По высоким мраморным лестницам, устланной широкой ковровой дорожкой, поднялись в Итальянский зал живописи. Здесь среди картин Рафаэля и Тициана на высокой подставке, укрытой красной материей, в ореховой золоченой раме стояла «Мона Лиза». Подле нее, как и в прошлые дни, в длинных шинелях и в высоких фуражках несли караул бравые карабинеры, пытливо всматривающиеся в каждого проходящего. «Именно такие гренадеры и должны стеречь «Мону Лизу», – хмыкнул Генри Марсель. Заметив подошедшего Джиованни Поджи, карабинеры еще более выпрямились…
Приблизившись к картине, Генри Марсель, заложив руки за спину и задрав подбородок, в восхищении рассматривал картину. Насладившись зрелищем, он повернул расчувствовавшееся лицо к эксперту и обронил:
– Она прекрасна, господа, не правда ли? Мы можем забрать ее сейчас?
– Разумеется, Генри, – энергично отозвался Джиованни Поджи, – нужно будет только подписать кое-какие документы. И будем считать, что официальная передача состоялась.

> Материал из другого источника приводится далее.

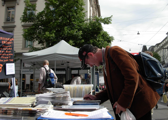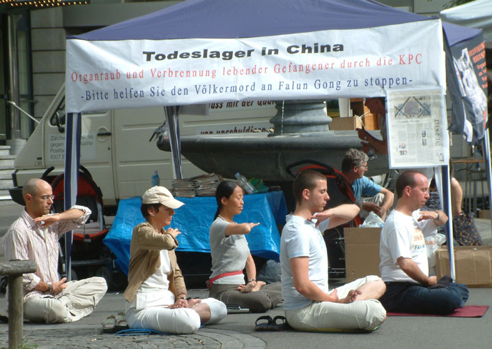 两位女士的表情由疑惑,到惊讶,到不忍,她们说,这一切迫害简直是太糟糕了,并问该如何帮助法轮功学员?学员告诉他们,可以签名呼吁瑞士政府和联合国调查活摘器官的罪行,也可以将她们所了解的关于中共迫害法轮功的罪行告诉更多的人,让他们不受中共谎言的欺骗,这对被迫害的法轮功学员而言也将是一个很大的帮助。

Щелкнув замками портфеля, профессор Поджи вытащил из него несколько листков и, протянув директору Лувра, сказал:
– Прочти, Генри.
– Что здесь?
– Акт приемки… Мы передаем тебе картину «Мона Лиза», и она находится в полнейшем порядке.
– Разберемся, – буркнул Генри Марсель, забирая отпечатанные листки бумаги, и, повернувшись к экспертам, продолжавшим стоять в нерешительности, поторопил: – Чего застыли, господа? Может, вы считаете, что я должен осматривать картину?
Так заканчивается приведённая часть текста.